[Listed records]

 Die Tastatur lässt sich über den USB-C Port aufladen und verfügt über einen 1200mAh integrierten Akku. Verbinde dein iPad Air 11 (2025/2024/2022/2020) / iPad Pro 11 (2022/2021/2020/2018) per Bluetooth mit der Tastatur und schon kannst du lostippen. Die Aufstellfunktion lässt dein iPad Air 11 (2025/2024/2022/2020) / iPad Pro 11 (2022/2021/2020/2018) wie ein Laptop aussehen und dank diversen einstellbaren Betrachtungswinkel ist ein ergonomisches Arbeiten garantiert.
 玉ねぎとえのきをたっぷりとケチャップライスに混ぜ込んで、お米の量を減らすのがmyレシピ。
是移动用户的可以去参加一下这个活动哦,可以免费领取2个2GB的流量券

---

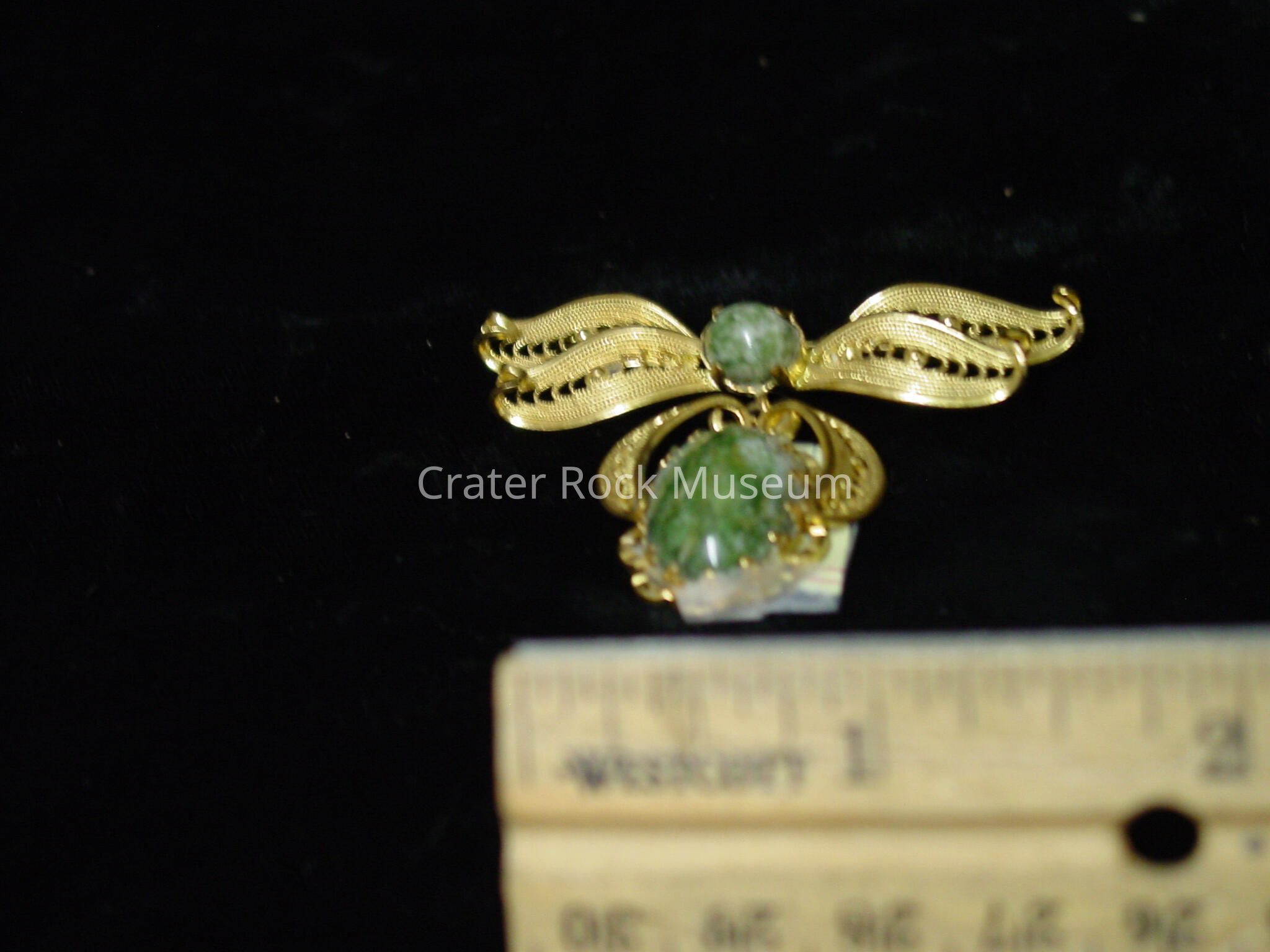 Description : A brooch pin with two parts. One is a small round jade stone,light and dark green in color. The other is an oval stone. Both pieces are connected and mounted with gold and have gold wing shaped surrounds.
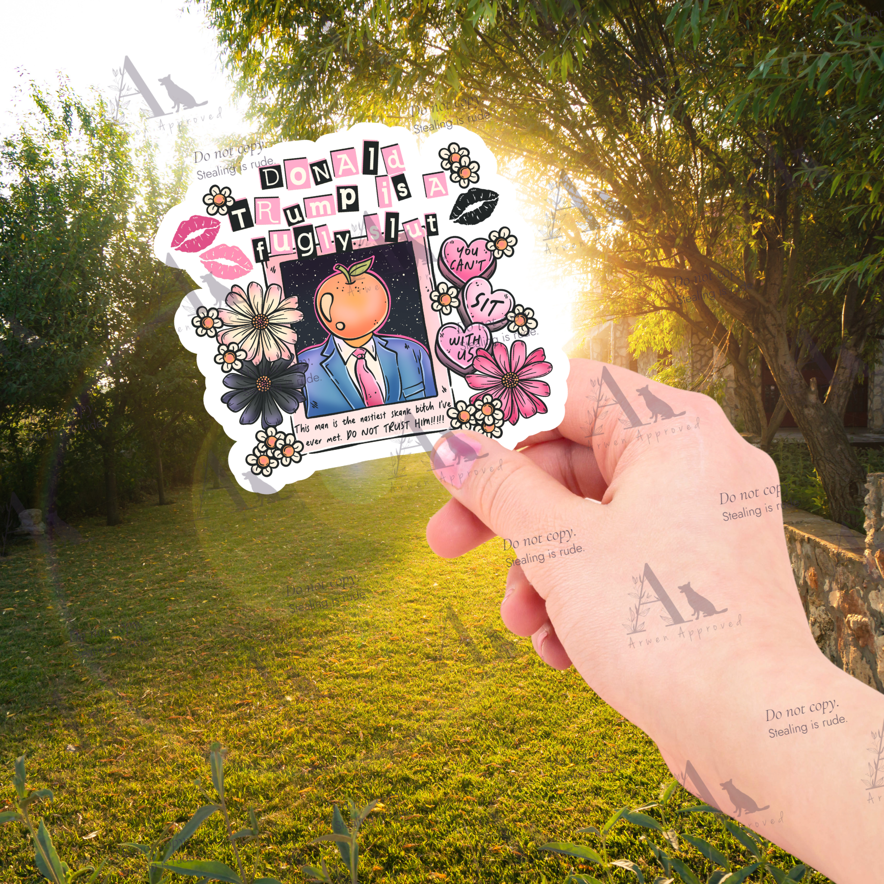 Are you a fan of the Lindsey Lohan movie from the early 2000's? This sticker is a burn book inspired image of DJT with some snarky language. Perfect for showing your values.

...

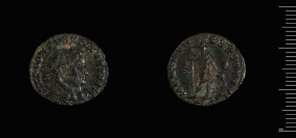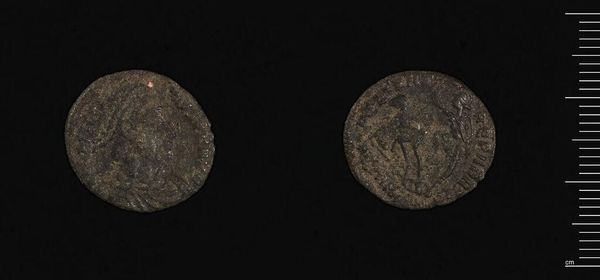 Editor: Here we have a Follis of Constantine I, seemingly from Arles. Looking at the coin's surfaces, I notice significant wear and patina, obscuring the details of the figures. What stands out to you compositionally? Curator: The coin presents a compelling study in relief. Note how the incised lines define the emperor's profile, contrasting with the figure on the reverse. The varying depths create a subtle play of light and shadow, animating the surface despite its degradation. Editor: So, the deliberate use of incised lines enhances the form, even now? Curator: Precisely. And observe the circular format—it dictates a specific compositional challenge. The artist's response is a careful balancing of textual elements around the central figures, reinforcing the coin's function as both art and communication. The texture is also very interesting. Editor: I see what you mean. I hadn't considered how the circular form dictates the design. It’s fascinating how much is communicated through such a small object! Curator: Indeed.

[What needs to be done]
Everything from the line containing "玉ねぎとえのきをたっぷりとケ" through the line containing "是移动用户的可以去参加一下这个活动哦,可以免费领取2个2GB的流量券" in the material above should be retyped exactly, both ends included, and nothing more.

[Result of this task]
 玉ねぎとえのきをたっぷりとケチャップライスに混ぜ込んで、お米の量を減らすのがmyレシピ。
是移动用户的可以去参加一下这个活动哦,可以免费领取2个2GB的流量券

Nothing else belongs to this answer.